* Problem requirements
Beneath this line is the data. Output exactly the lines from the line with "脱脂綿を使用した中わたをガー" to the line with "12月1日,国家邮政局监测数", both ends included, and nothing more.

* Entries provided
_ _ _ _ _ _ _

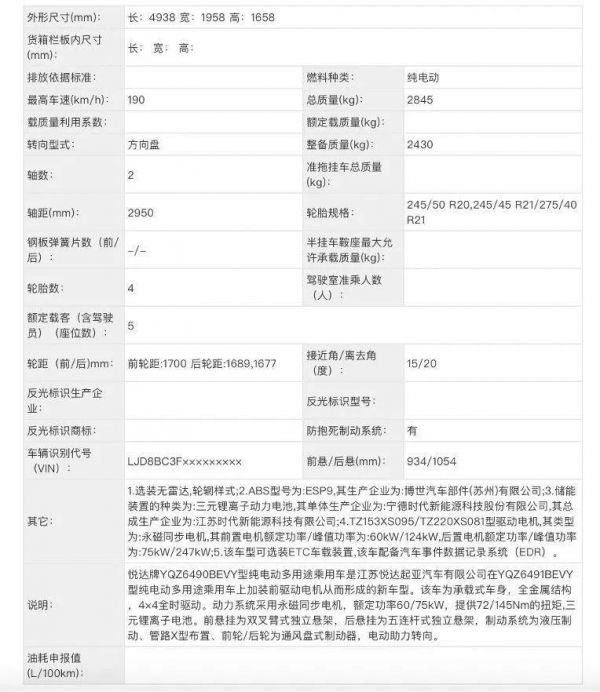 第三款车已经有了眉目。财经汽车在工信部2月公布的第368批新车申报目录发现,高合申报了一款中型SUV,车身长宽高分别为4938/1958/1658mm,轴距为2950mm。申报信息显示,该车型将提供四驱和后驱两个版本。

_ _ _ _ _ _ _

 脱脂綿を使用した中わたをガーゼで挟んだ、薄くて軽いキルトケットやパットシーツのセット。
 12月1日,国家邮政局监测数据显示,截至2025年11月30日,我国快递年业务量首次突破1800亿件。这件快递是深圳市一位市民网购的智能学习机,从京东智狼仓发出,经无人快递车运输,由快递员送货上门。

_ _ _ _ _ _ _

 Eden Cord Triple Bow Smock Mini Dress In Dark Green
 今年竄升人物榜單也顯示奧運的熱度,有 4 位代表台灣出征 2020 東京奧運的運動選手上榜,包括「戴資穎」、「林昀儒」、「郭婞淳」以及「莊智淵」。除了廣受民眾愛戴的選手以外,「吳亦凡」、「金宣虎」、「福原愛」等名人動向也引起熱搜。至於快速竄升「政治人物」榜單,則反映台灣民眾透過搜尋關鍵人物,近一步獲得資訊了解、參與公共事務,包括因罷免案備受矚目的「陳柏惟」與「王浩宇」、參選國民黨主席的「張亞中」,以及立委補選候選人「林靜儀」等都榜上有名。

_ _ _ _ _ _ _

* Final answer
 脱脂綿を使用した中わたをガーゼで挟んだ、薄くて軽いキルトケットやパットシーツのセット。
 12月1日,国家邮政局监测数据显示,截至2025年11月30日,我国快递年业务量首次突破1800亿件。这件快递是深圳市一位市民网购的智能学习机,从京东智狼仓发出,经无人快递车运输,由快递员送货上门。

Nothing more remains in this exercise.